*** DATA PROVIDED ***
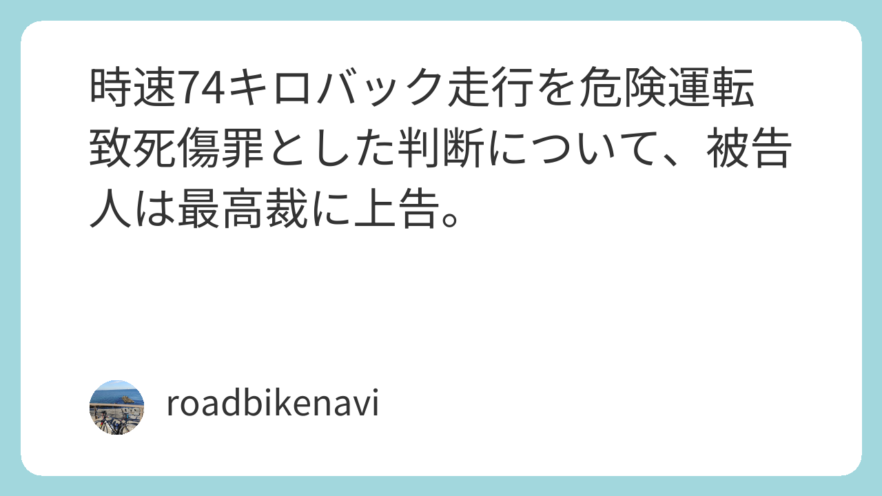 時速74キロバック走行を危険運転致死傷罪とした判断について、被告人は最高裁に上告。
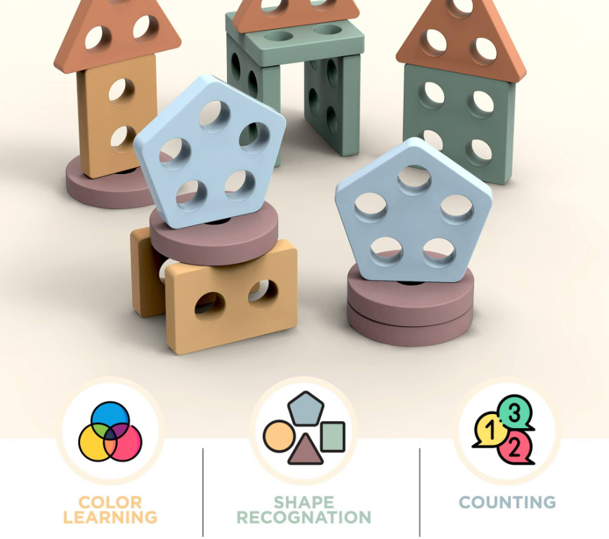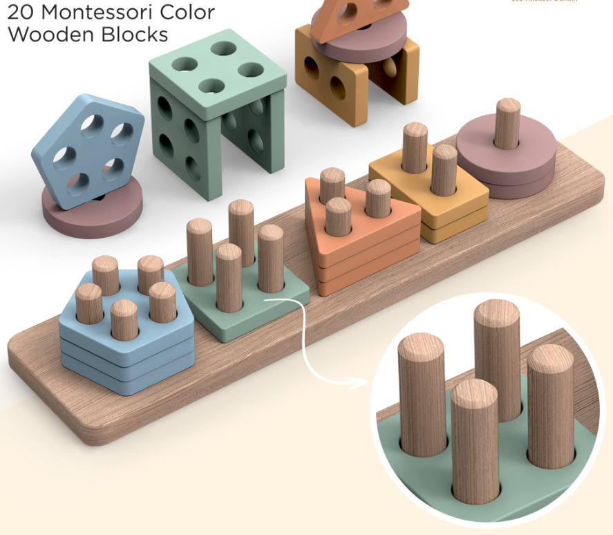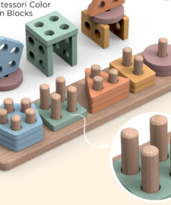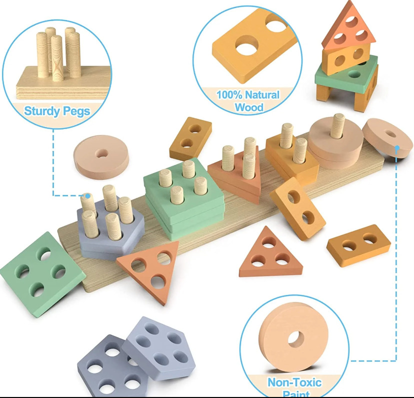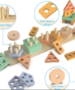 Sortatorul este format dintr-un suport si 20 piese din lemn, de dimensiuni mari, sub diferite culori pastelate si forme geometrice. Identificarea culorilor si potrivirea formelor geometrice poate fi o adevarata provocare pentru un copil.
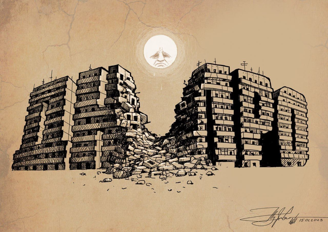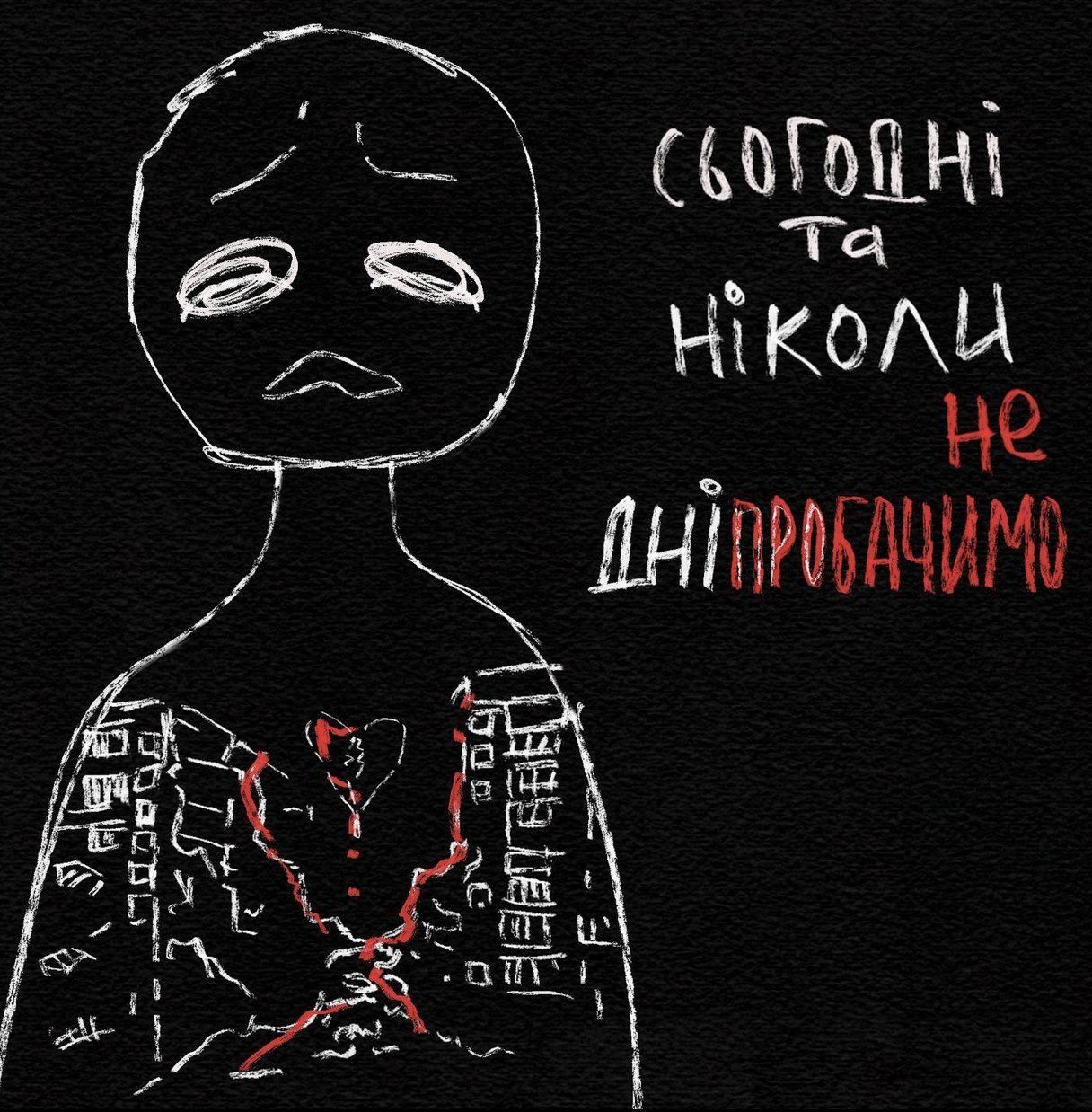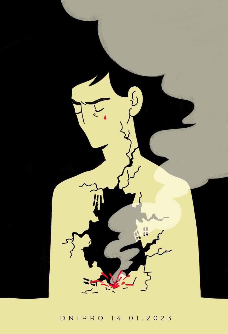 Украинские художники опубликовали свои работы, которые создали, чтобы поддержать днепрян после вчерашней ракетной атаки, а также еще раз напомнить о зверствах оккупантов всему миру.
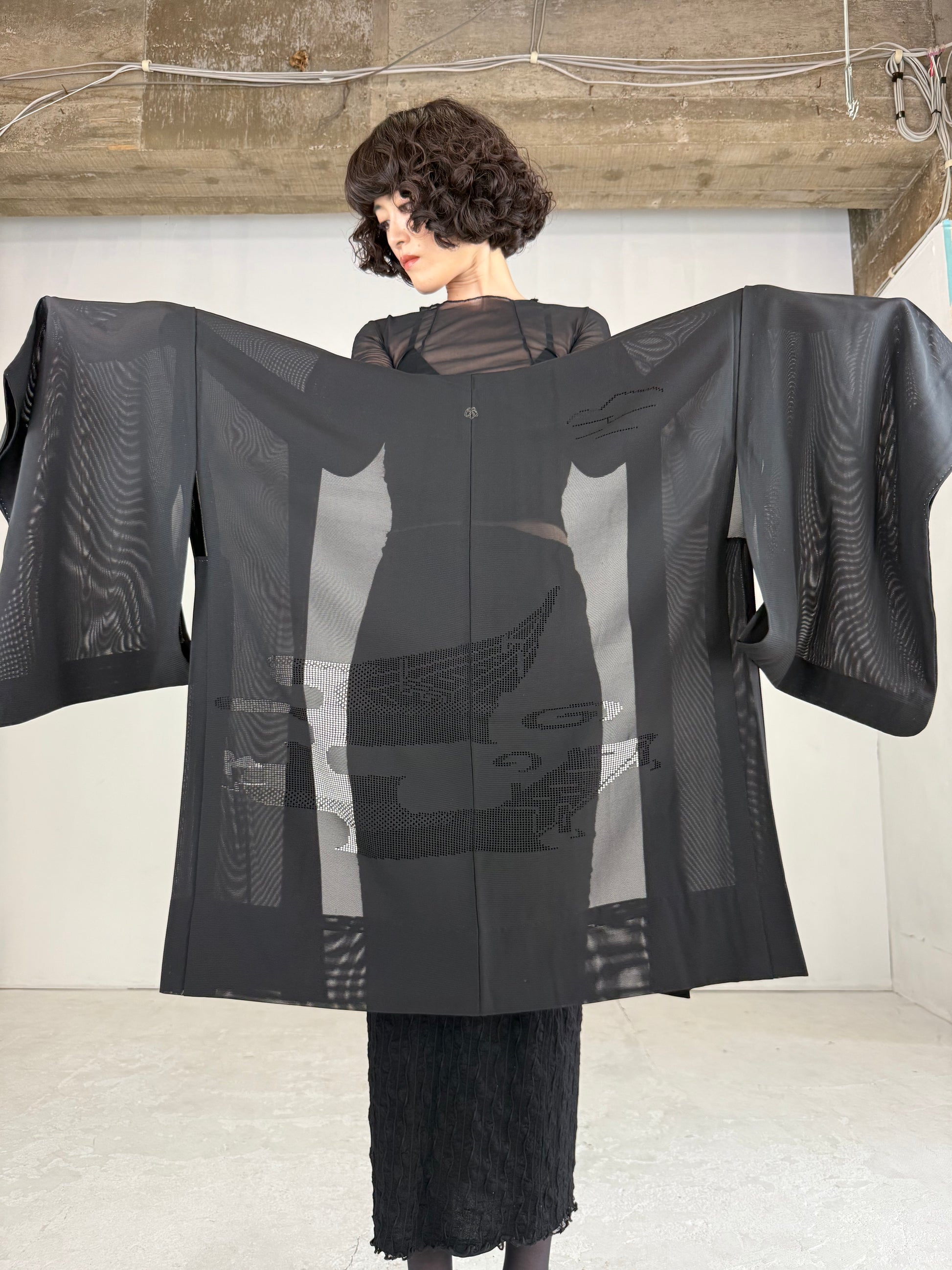 VINTAGE BLACK HAORI SHEER “ro, funade, kamon-tsuta"
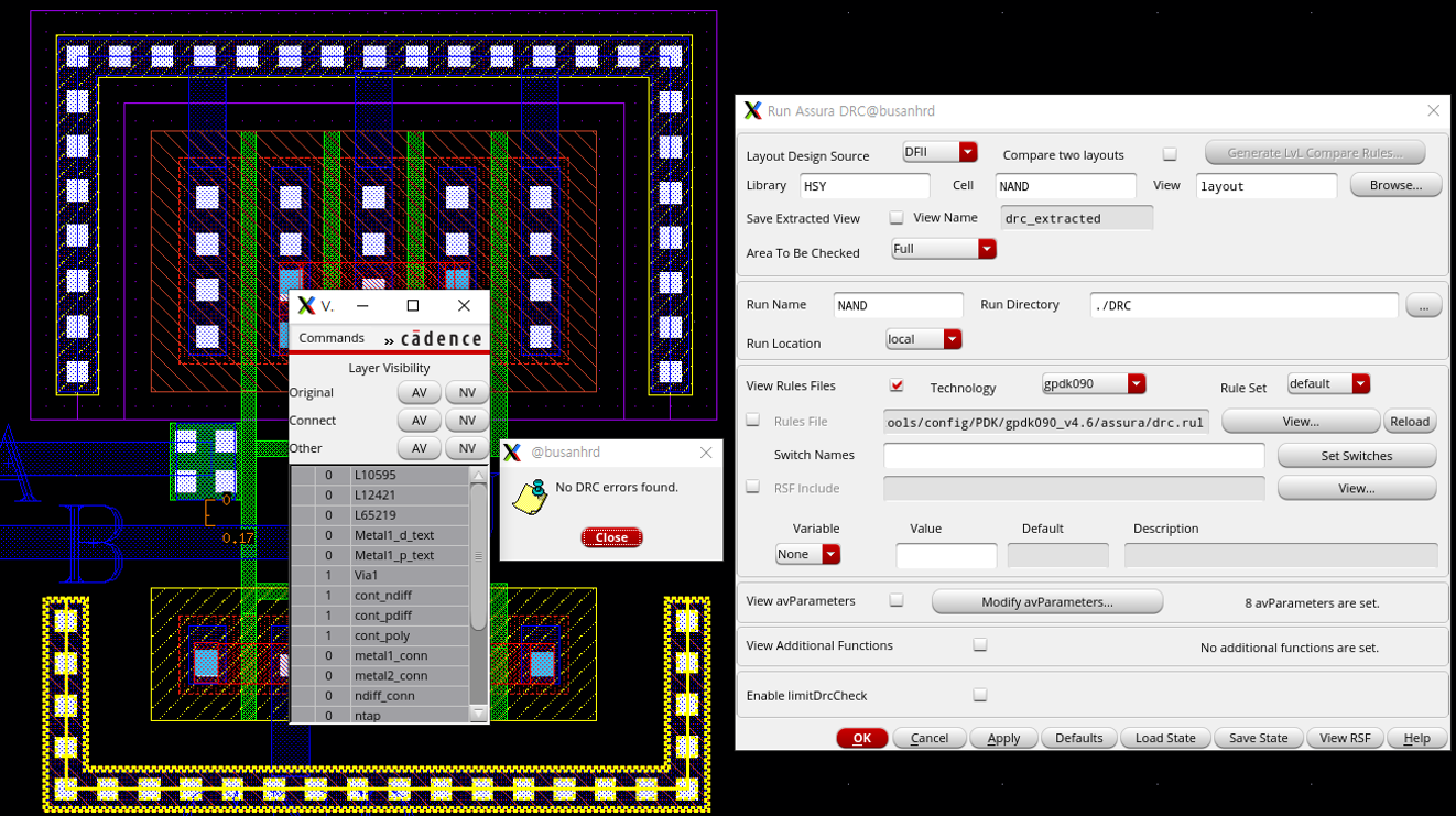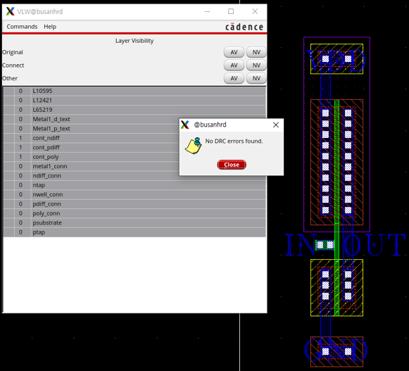 >> DRC(Design Rule Checking), (Layout Versus Schematic) rule에 위배되는 지 체크
***
#### [EXERCISE BRIEF]
Going from the line that holds "Украинские художники опубликовали" to the end of the listing above, copy each line exactly and nothing more, leaving pictures aside.

#### [RESPONSE BELOW]
 Украинские художники опубликовали свои работы, которые создали, чтобы поддержать днепрян после вчерашней ракетной атаки, а также еще раз напомнить о зверствах оккупантов всему миру.
 VINTAGE BLACK HAORI SHEER “ro, funade, kamon-tsuta"
 >> DRC(Design Rule Checking), (Layout Versus Schematic) rule에 위배되는 지 체크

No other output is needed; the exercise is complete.